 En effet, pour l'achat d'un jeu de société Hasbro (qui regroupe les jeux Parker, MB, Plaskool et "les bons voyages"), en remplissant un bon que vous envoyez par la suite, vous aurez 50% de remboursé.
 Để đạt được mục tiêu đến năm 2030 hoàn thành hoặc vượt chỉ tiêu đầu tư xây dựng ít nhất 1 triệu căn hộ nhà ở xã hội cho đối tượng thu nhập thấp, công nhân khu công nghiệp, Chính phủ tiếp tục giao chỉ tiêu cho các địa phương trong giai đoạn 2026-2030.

- - - -

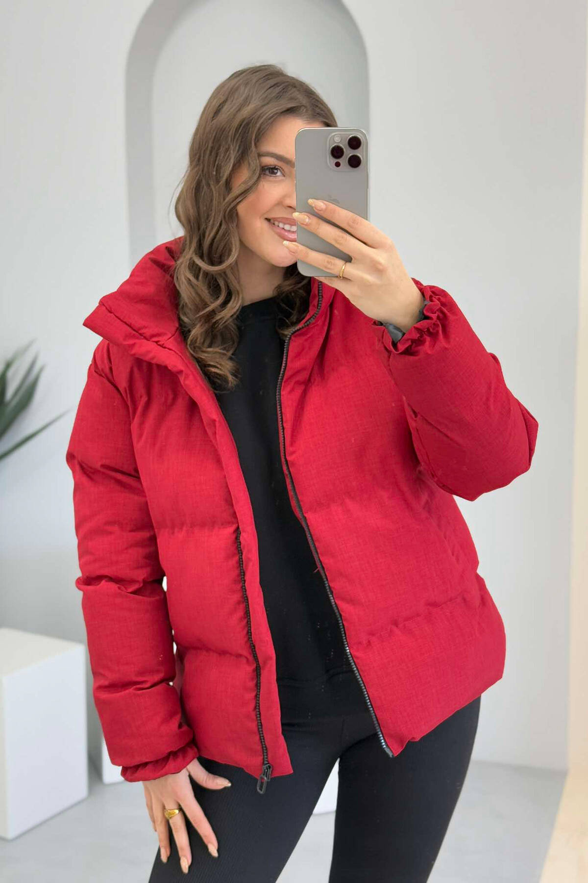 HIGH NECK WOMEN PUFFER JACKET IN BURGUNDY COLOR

- - - -

**TASK TO CARRY OUT**:
Among the entries above, the line containing "En effet, pour", the line containing "Để đạt được", and all lines between them are to be restated word for word; nothing else belongs in the reply.

**ANSWER TO THIS EXERCISE**:
 En effet, pour l'achat d'un jeu de société Hasbro (qui regroupe les jeux Parker, MB, Plaskool et "les bons voyages"), en remplissant un bon que vous envoyez par la suite, vous aurez 50% de remboursé.
 Để đạt được mục tiêu đến năm 2030 hoàn thành hoặc vượt chỉ tiêu đầu tư xây dựng ít nhất 1 triệu căn hộ nhà ở xã hội cho đối tượng thu nhập thấp, công nhân khu công nghiệp, Chính phủ tiếp tục giao chỉ tiêu cho các địa phương trong giai đoạn 2026-2030.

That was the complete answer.